Provided data:
=== Section Start ===

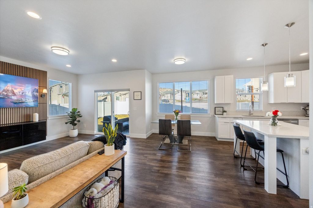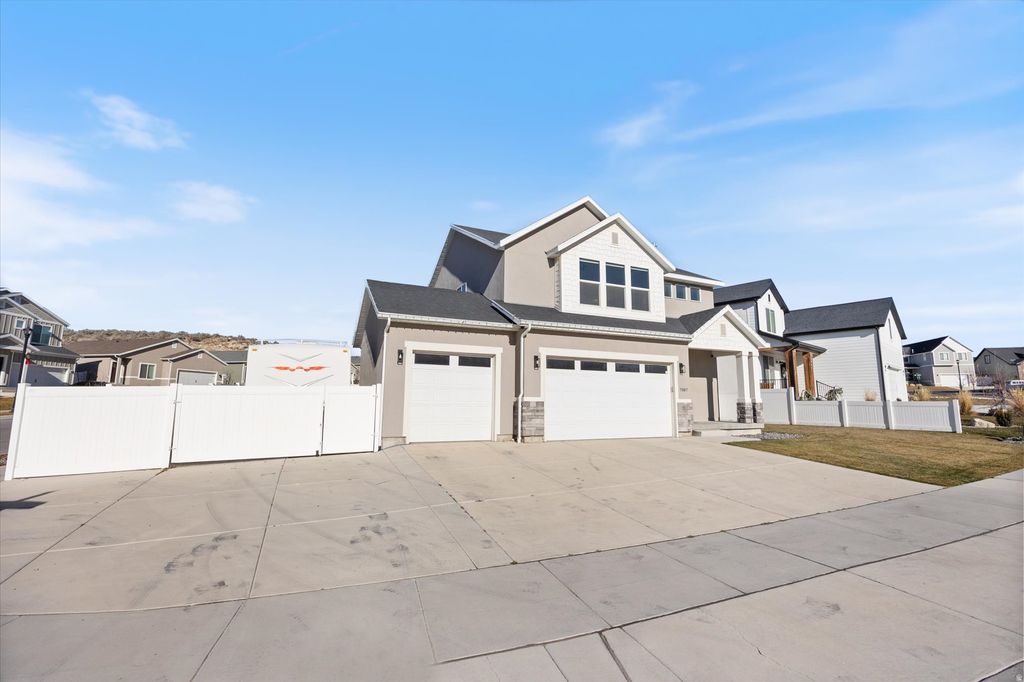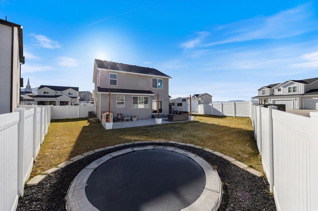 Better than new home in Eagle Mountain! This gorgeous home is move in ready and needs nothing. Why spend thousands on finishing a basement, putting up a fence, landscaping and RV pad and gate, when you can buy a home that has all of that! Perfect for the buyers with toys, this home features a 3 car garage and an RV pad and gate all on a private corner lot! Inside you will be delighted with the open floor plan, quartz counter tops, stainless steel appliances and LVP flooring. Large master features a huge master bath with separate shower and soaker tub. Recently finished basement has a full bath, 4th bedroom and family room. The back yard is finished and ready for your kids to play in with the in ground trampoline. You and your family will love this home! ( TVs in Family room and Master stay along with the fridge washer and dryer )
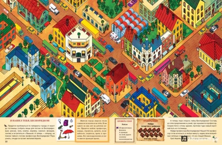 Книга известного детского писателя Ольги Колпаковой и художника Ольги Бегак - это десять разворотов-лабиринтов с улицами города Апреля и разнообразными заданиями: довести профессора до университета, найти все зеленые флажки, собрать сундучки с цифрами, проложить кратчайший путь полицейскому к месту аварии и так далее. А в конце книги - подробный рассказ о профессиях, которые встретились на страницах книги. "Запутанное дело в городе Апреле" подарит новые знания, поможет развить внимание и наблюдательность, а главное - доставит удовольствие каждому любителю решать сложные задачки.
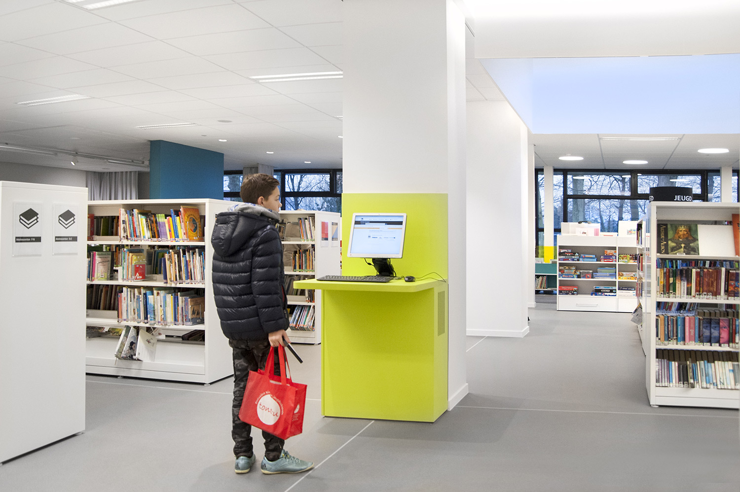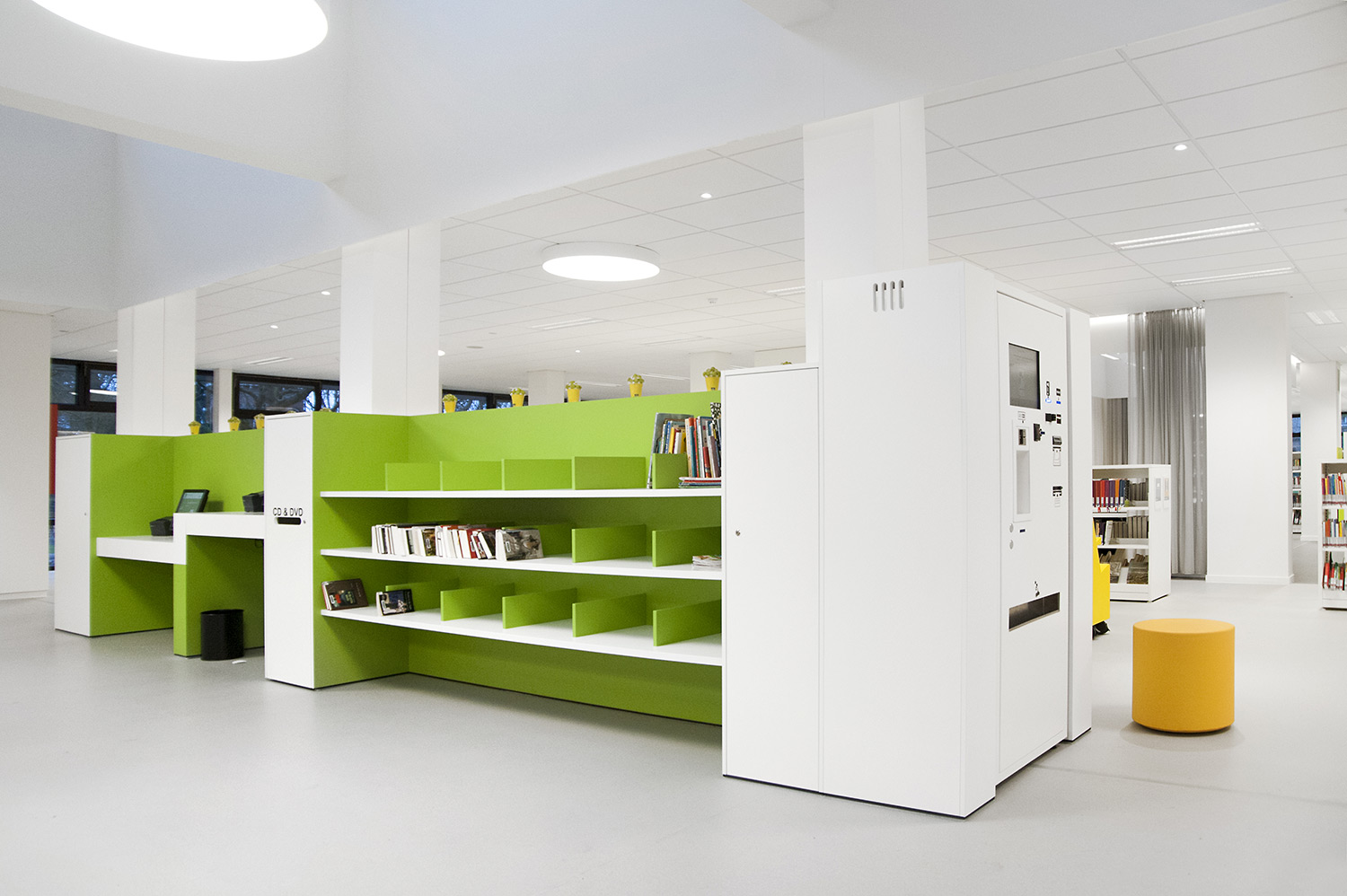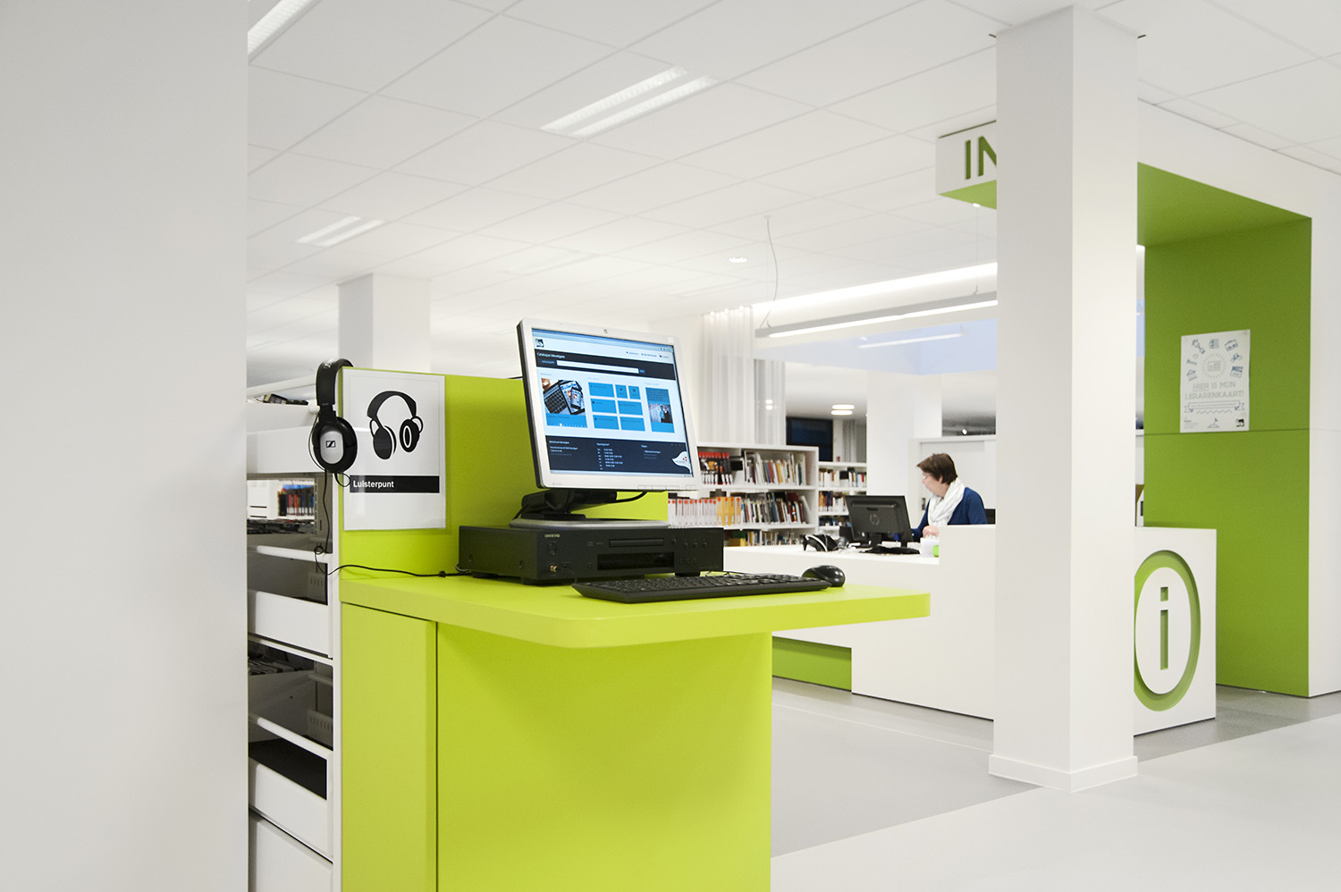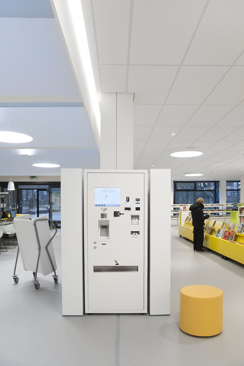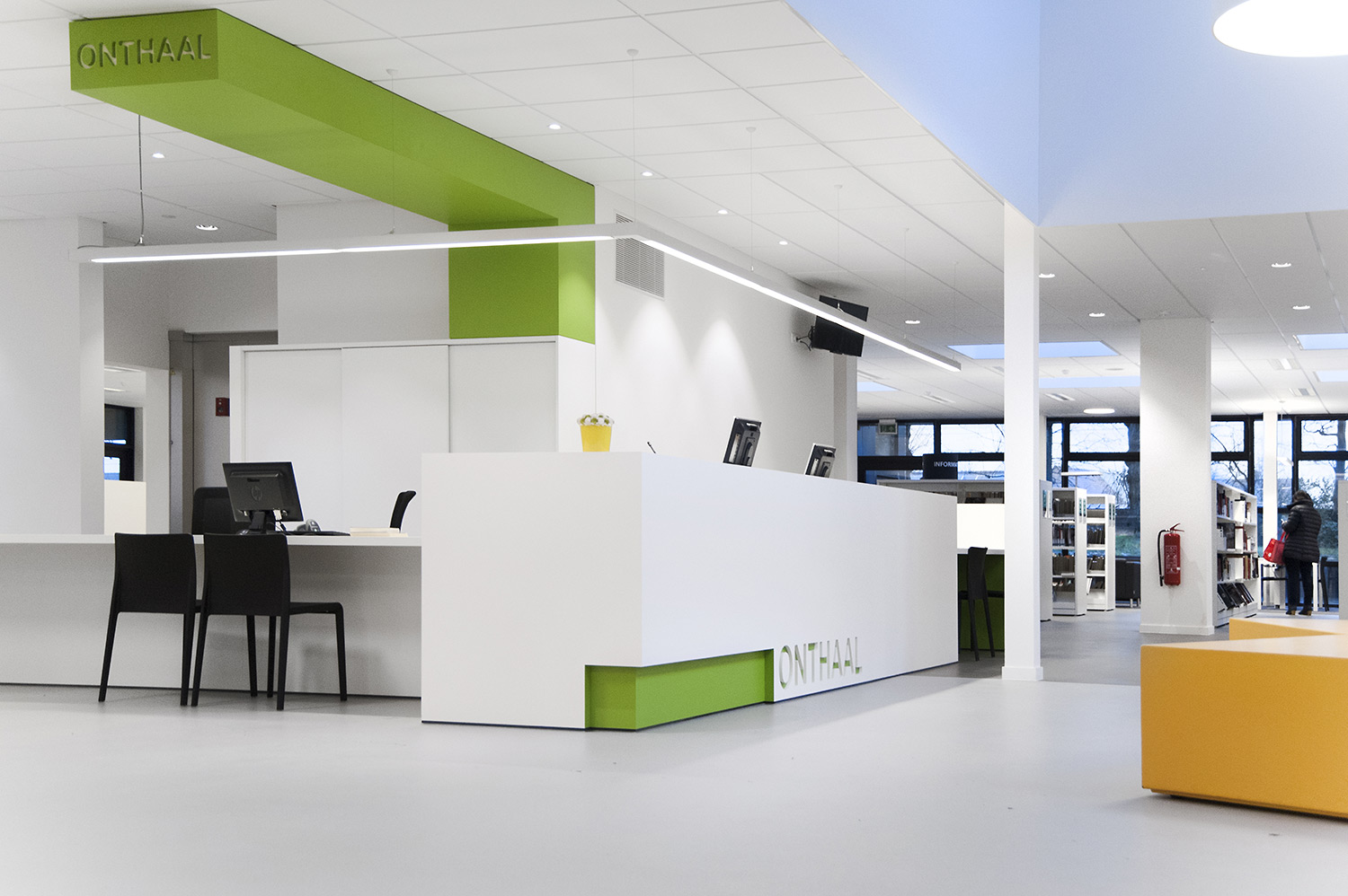 Not only the building has evolved, but also the way the library works. Wevelgem library is a so called user oriented library, a library with a high focus on a question based way of working. Visitors can turn to the library staff who helps and orients them.

=== Section End ===

Exercise aim: Without including the pictures, copy all of the data exactly.

Completed task:
 Better than new home in Eagle Mountain! This gorgeous home is move in ready and needs nothing. Why spend thousands on finishing a basement, putting up a fence, landscaping and RV pad and gate, when you can buy a home that has all of that! Perfect for the buyers with toys, this home features a 3 car garage and an RV pad and gate all on a private corner lot! Inside you will be delighted with the open floor plan, quartz counter tops, stainless steel appliances and LVP flooring. Large master features a huge master bath with separate shower and soaker tub. Recently finished basement has a full bath, 4th bedroom and family room. The back yard is finished and ready for your kids to play in with the in ground trampoline. You and your family will love this home! ( TVs in Family room and Master stay along with the fridge washer and dryer )
 Книга известного детского писателя Ольги Колпаковой и художника Ольги Бегак - это десять разворотов-лабиринтов с улицами города Апреля и разнообразными заданиями: довести профессора до университета, найти все зеленые флажки, собрать сундучки с цифрами, проложить кратчайший путь полицейскому к месту аварии и так далее. А в конце книги - подробный рассказ о профессиях, которые встретились на страницах книги. "Запутанное дело в городе Апреле" подарит новые знания, поможет развить внимание и наблюдательность, а главное - доставит удовольствие каждому любителю решать сложные задачки.
 Not only the building has evolved, but also the way the library works. Wevelgem library is a so called user oriented library, a library with a high focus on a question based way of working. Visitors can turn to the library staff who helps and orients them.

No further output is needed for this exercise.